> **Information supplied**:
- Opening Delimiter -
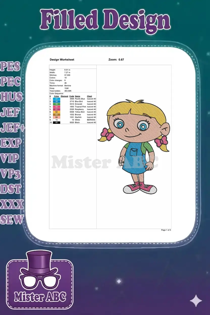 Little Einsteins Annie cartoon character embroidery designs
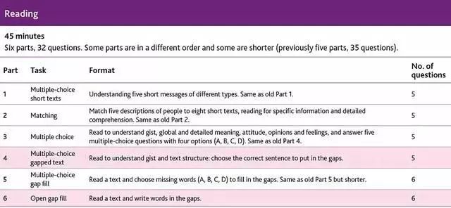 Part 2:匹配題改自舊版的Part 4,閱讀材料由舊版的1個長篇變成3個短篇,每題3個備選項;近似PET閱讀題型之一。
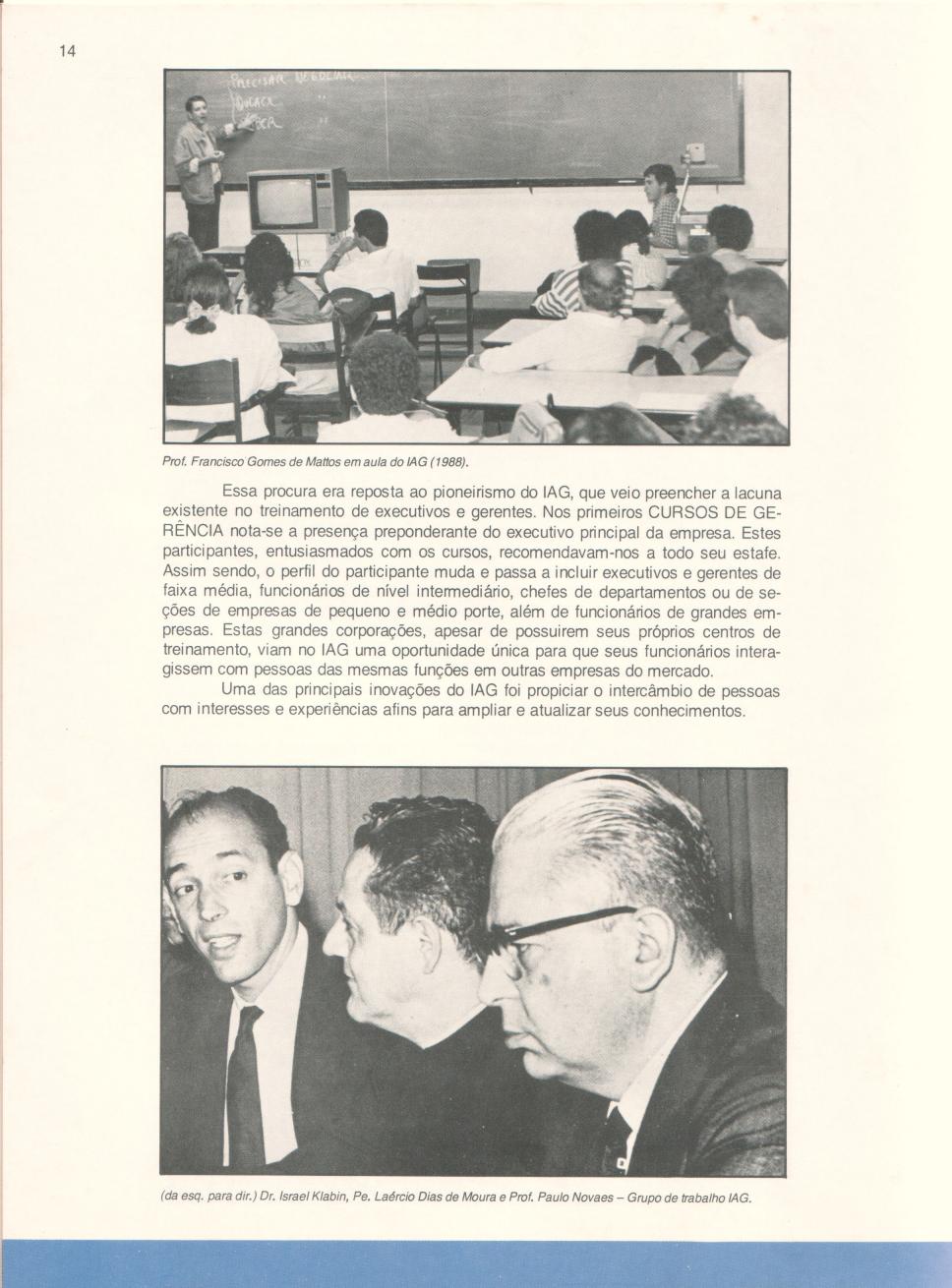 Fotos de uma sala de aula do IAG, 1988, e de grupo de trabalho do IAG, composto pelo pe. Laércio Dias Moura, S.J., engenheiro Israel Klabin e prof. Paulo Novaes.
- Closing Delimiter -
> **Instructions to follow**:
When copying the data above, repeat every word exactly and drop the pictures.

> **Problem solution**:
 Little Einsteins Annie cartoon character embroidery designs
 Part 2:匹配題改自舊版的Part 4,閱讀材料由舊版的1個長篇變成3個短篇,每題3個備選項;近似PET閱讀題型之一。
 Fotos de uma sala de aula do IAG, 1988, e de grupo de trabalho do IAG, composto pelo pe. Laércio Dias Moura, S.J., engenheiro Israel Klabin e prof. Paulo Novaes.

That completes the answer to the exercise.